A ausência de contenção no projecto de vida de … parece ter-se reflectido negativamente no seu percurso escolar, contexto em que registou um trajecto desinvestido, associado a absentismo e abandono precoce, tendo apenas frequentado o 4.º ano de escolaridade.

Concomitantemente, ingressou no mercado de trabalho tendo relatado o desenvolvimento de actividade no Restaurante o … ( W...) e no ramo da construção civil, de modo informal, situação quer parece não se ter constituído como facilitadora da sua inserção.

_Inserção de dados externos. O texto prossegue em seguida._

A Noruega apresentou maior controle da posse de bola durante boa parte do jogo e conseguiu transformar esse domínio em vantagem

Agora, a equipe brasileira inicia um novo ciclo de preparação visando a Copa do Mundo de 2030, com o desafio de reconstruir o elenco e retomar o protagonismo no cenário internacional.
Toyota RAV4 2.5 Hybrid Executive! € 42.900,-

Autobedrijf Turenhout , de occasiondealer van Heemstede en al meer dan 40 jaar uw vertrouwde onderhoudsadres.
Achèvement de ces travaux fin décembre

Com efeito, no decurso do seu crescimento o arguido aderiu a um estilo de vida desregulado e pautado por uma certa errância, assente na ausência de actividade estruturada, laboral e ou formativa e no convívio com o grupo de pares, elementos conotados com a adopção de comportamentos socialmente problemáticos e no seio dos quais indicou ter iniciado os consumos de haxixe quando contava cerca de 12 anos de idade.

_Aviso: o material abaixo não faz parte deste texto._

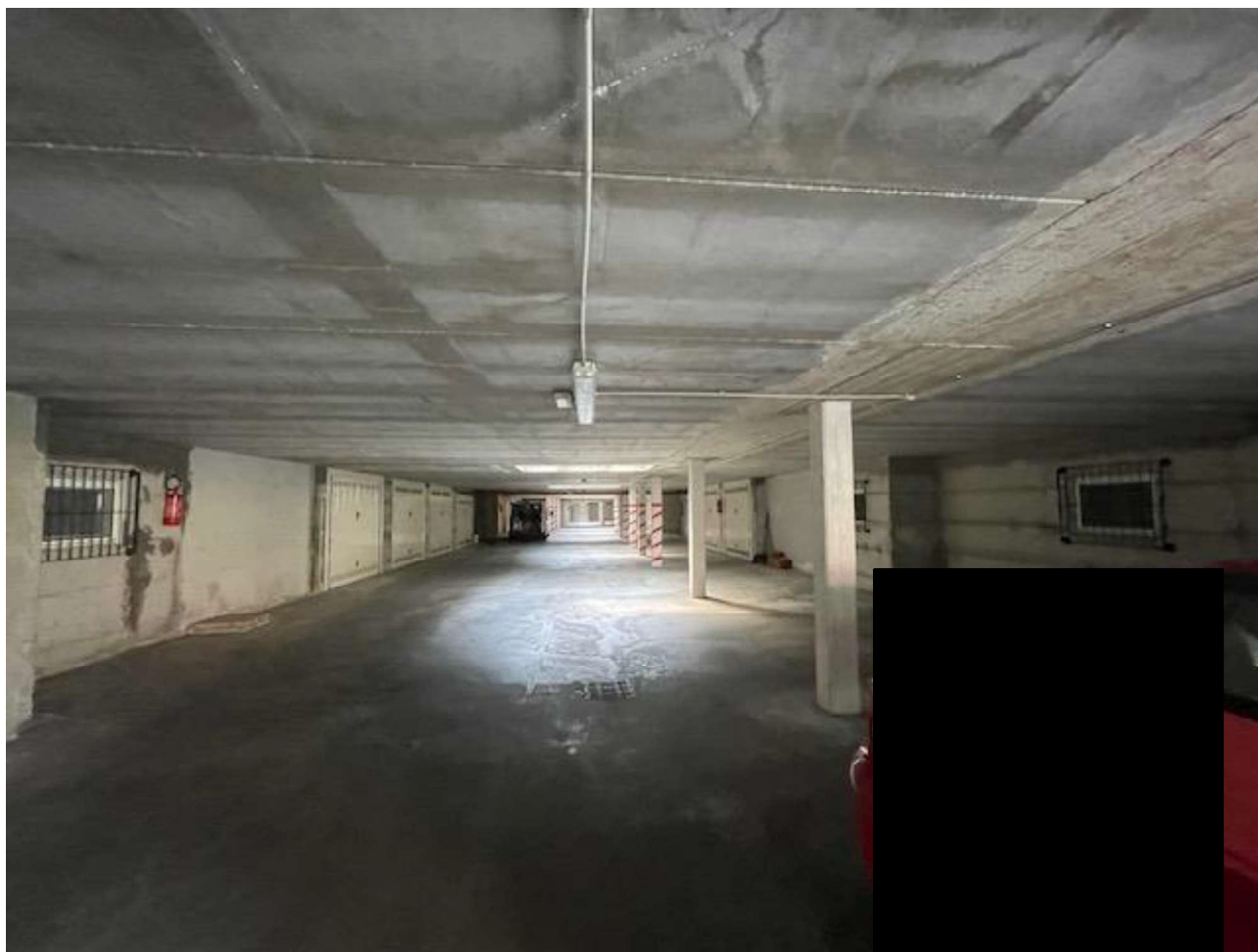
Vista di Insieme della zona manovra del locale autorimessa

Aos 16 anos de idade, o arguido registou o seu primeiro contacto com o Sistema de Administração da Justiça Penal, NUIPC 340/09.3PAALM, tendo registado até 2015 outras 11 sinalizações, associadas às práticas de crimes contra a propriedade e ofensas à integridade física.

Embora sobre parte das referências se desconheça eventuais tramitações, destacamos que a execução das medidas de substituição da pena de multa por trabalho a favor da comunidade solicitadas no passado decorreram com registos de anomalias, associados a períodos de abandono da prestação, não comunicados.

De acordo com o apurado, … estabeleceu relação de intimidade com …, tendo-se separado desta em dezembro de 2016. A 26-05-2017 nasceu o único filho do casal.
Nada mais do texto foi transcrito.